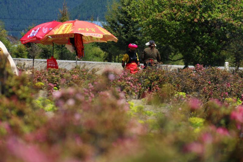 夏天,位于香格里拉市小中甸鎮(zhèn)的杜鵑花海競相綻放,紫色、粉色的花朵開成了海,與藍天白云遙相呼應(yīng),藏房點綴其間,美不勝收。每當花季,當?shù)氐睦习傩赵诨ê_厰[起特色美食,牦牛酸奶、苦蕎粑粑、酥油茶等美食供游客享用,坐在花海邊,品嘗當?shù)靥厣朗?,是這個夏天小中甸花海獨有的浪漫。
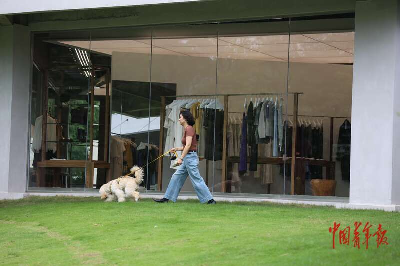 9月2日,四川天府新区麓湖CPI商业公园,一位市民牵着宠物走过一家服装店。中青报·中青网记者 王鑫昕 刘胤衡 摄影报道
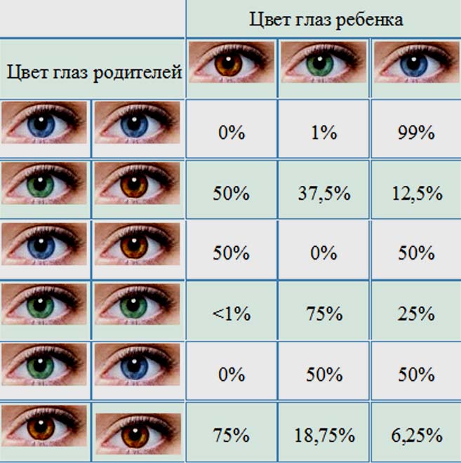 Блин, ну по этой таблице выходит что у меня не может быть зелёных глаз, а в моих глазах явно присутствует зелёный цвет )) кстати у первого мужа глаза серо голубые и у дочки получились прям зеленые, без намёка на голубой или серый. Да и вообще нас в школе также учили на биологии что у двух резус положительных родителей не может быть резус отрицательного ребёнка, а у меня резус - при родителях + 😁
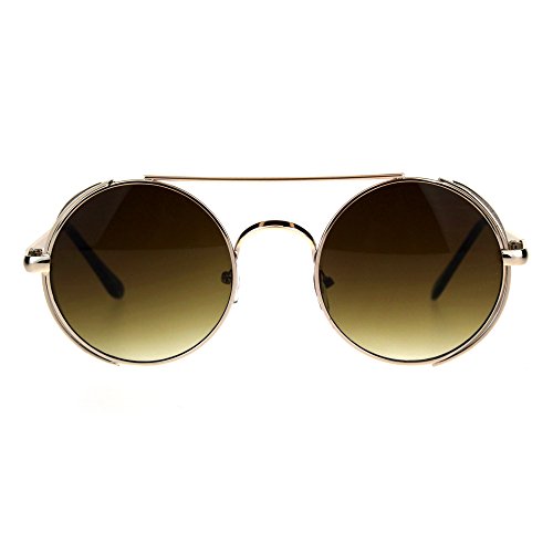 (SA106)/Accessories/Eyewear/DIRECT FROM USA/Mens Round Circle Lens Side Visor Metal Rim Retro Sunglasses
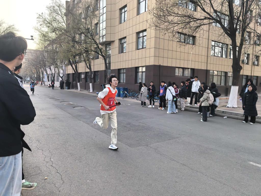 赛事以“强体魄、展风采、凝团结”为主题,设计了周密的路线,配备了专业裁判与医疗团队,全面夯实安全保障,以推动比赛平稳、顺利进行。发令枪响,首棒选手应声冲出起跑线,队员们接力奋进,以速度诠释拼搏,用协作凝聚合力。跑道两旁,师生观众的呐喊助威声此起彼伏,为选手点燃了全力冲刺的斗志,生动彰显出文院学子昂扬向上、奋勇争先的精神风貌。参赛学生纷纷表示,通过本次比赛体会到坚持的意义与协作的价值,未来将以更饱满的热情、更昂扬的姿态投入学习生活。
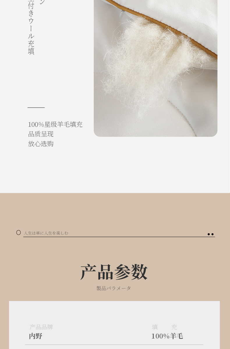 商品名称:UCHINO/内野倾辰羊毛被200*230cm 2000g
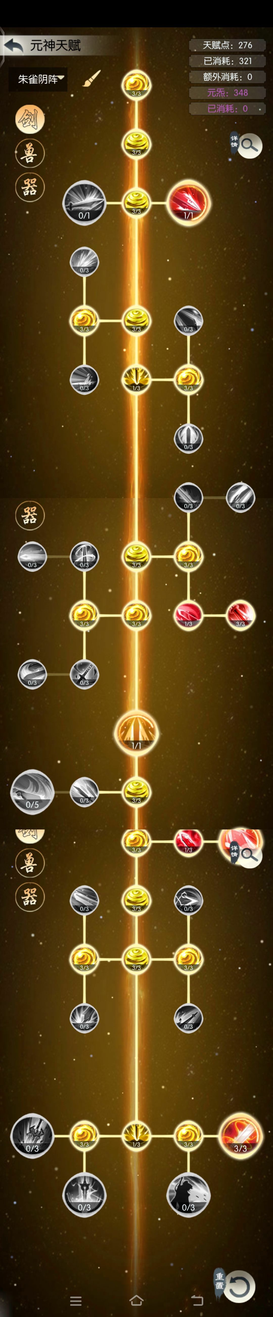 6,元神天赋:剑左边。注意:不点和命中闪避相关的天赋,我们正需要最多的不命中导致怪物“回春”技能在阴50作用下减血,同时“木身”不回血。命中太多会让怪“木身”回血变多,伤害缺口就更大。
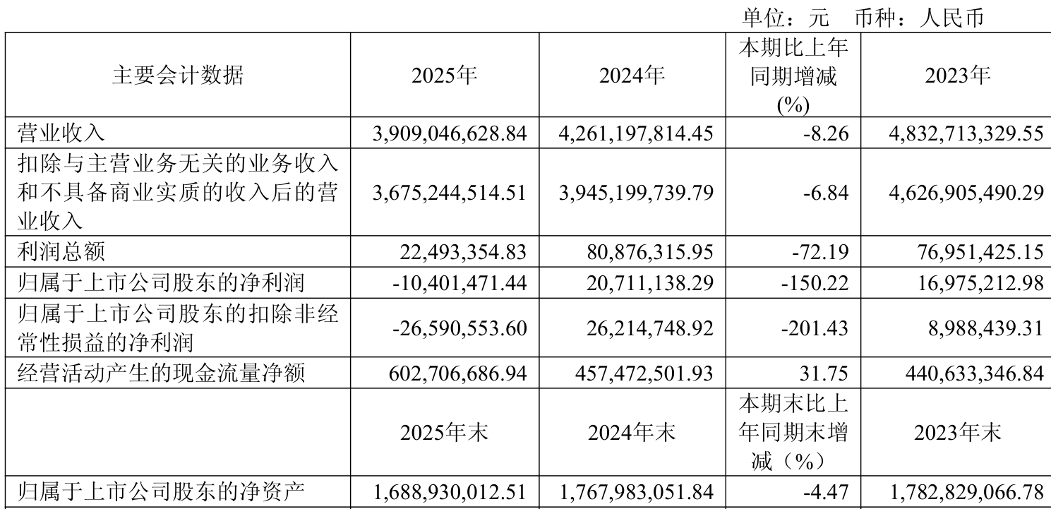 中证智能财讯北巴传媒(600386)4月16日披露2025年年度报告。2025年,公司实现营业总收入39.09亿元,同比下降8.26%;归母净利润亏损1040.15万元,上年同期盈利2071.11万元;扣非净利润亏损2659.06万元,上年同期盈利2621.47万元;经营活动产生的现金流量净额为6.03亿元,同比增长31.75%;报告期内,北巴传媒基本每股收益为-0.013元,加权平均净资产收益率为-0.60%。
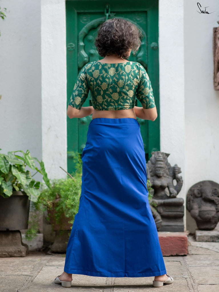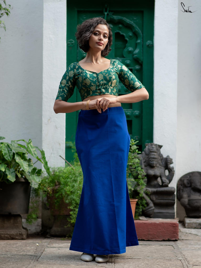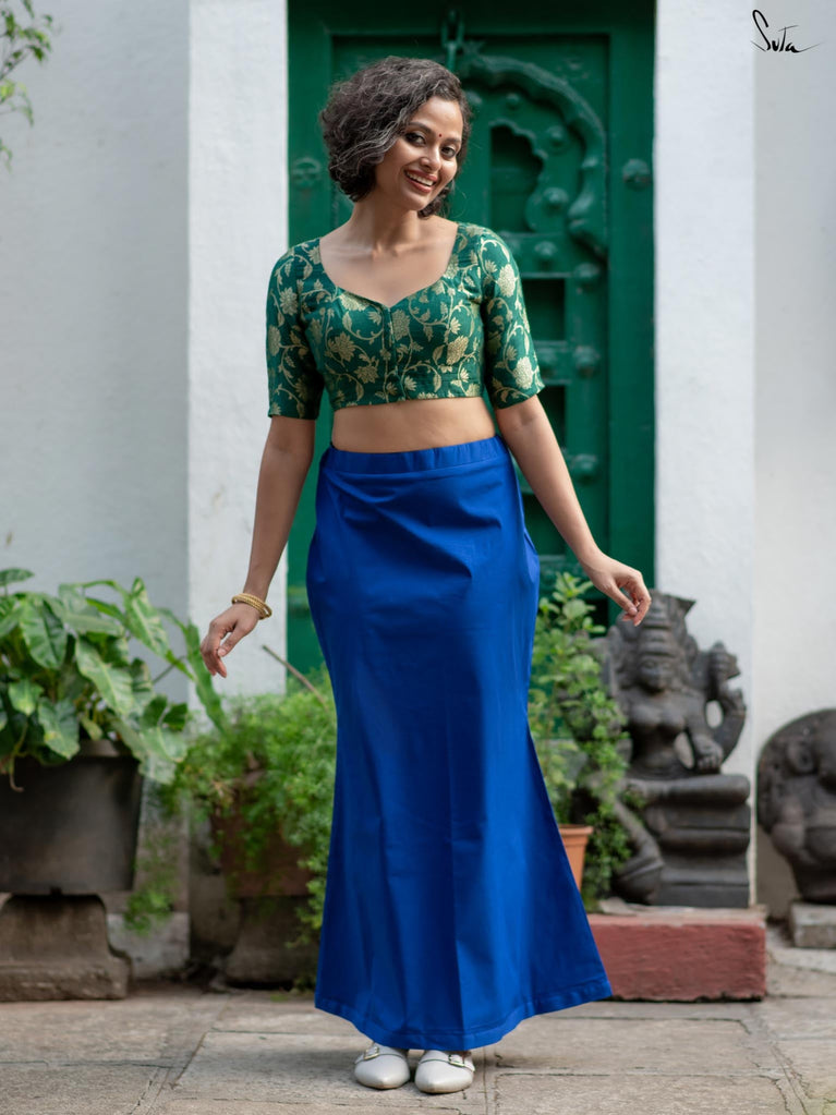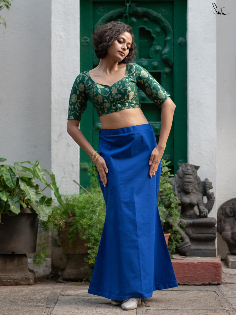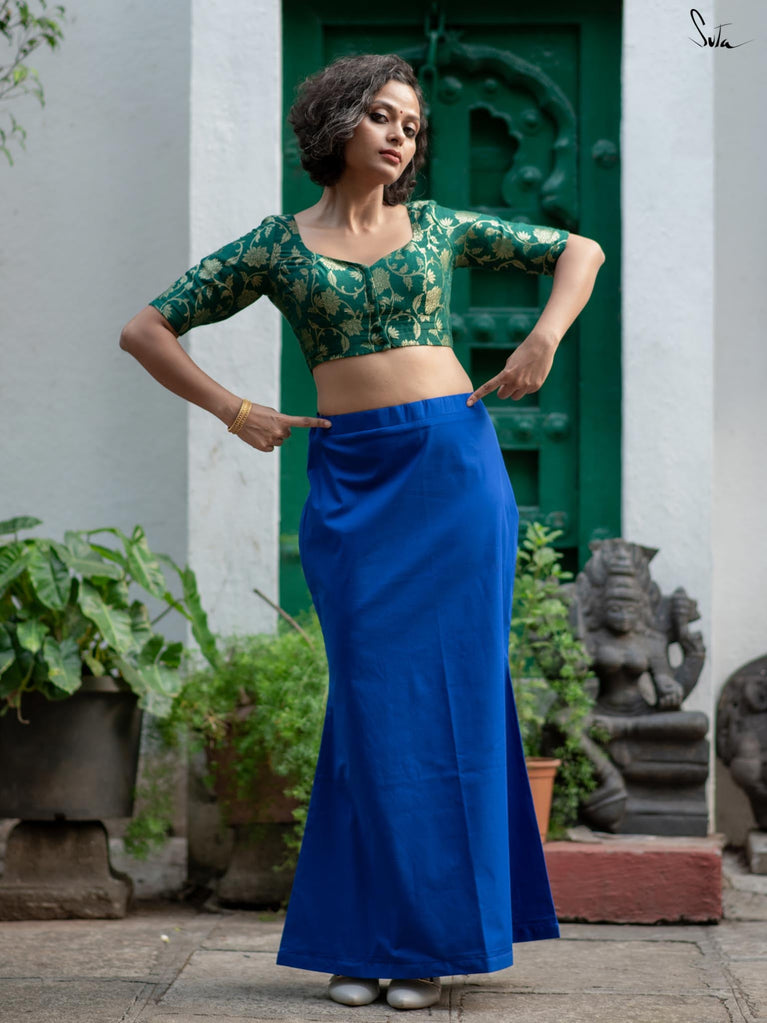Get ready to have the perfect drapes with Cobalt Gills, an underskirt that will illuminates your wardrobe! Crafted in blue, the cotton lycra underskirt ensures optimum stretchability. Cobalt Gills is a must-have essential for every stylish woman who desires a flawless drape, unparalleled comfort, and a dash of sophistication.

| TASK DESCRIPTION |
What is needed is an exact copy of the lines from the one containing "中证智能财讯北巴传媒(600" through the last line of the records, with every picture left out.

| WRITTEN RESPONSE |
 中证智能财讯北巴传媒(600386)4月16日披露2025年年度报告。2025年,公司实现营业总收入39.09亿元,同比下降8.26%;归母净利润亏损1040.15万元,上年同期盈利2071.11万元;扣非净利润亏损2659.06万元,上年同期盈利2621.47万元;经营活动产生的现金流量净额为6.03亿元,同比增长31.75%;报告期内,北巴传媒基本每股收益为-0.013元,加权平均净资产收益率为-0.60%。
Get ready to have the perfect drapes with Cobalt Gills, an underskirt that will illuminates your wardrobe! Crafted in blue, the cotton lycra underskirt ensures optimum stretchability. Cobalt Gills is a must-have essential for every stylish woman who desires a flawless drape, unparalleled comfort, and a dash of sophistication.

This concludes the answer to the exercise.